The Elm City carried its history out loud. The Green and its three churches still mark the center square of Brockett's 1638 plan; the ridges of East and West Rock still rise over the rooftops; and the 1847 Five Mile Point Light still stands at the harbor mouth in Lighthouse Point Park, with its old carousel and its migrating birds. Somewhere along the way the city perfected the coal-fired, charred-crust pizza it calls apizza, argued over more passionately here than almost anywhere. Through four centuries, New Haven kept its colonial bones and its salt-water edge.
Today New Haven is the Elm City still — a harbor-and-ridge city of museums, theaters, and the most argued-over pizza in the country, anchored by four centuries of history. Its story runs from a Quinnipiac homeland through the first planned city in America, the regicides on West Rock, and a Long Island Sound port. Our New Haven designs gather that identity into wearable form — the Elm City, the nine-square Green, the oyster shore. From the nine-square Green to the regicides' cave on West Rock, wear a little of the Elm City's four centuries.

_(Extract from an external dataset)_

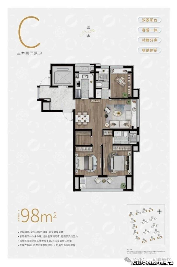 C户型:建面约98㎡3房2厅2卫▼陆家嘴.锦绣云澜售楼处电话:400-8567-334✔✔
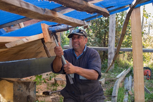 Para construir una embarcación, encarga la madera estructural en campos cercanos, pero como eso aveces demora mucho, él mismo va al campo a elegir y a cortar los palos necesarios para las piezas con curva. Según el gusto del dueño, hace embarcaciones con cuadernas naturales o dobladas a vapor. Sin embrago, cuando la pega es apurada, y no hay tiempo para buscar las piezas naturales, éstas se pueden ir armando mediante ensamblajes.

Why People Visit New Haven Connecticut
- Walk the New Haven Green, the 1638 central common of the nine-square plan, framed by its three historic churches.
- Hike West Rock to Judges' Cave, the regicides' hideout, along the Regicides Trail.
- Climb East Rock Park for the classic view over the city and the harbor.
- Visit Lighthouse Point Park for the 1847 Five Mile Point Light, the historic carousel, and Atlantic-flyway birding.
- Stroll Wooster Square for spring cherry blossoms and brownstones.
- See the free downtown museums — the Yale University Art Gallery and the Peabody Museum.
- Try a New Haven-style apizza, the city's signature charred, coal-fired pizza.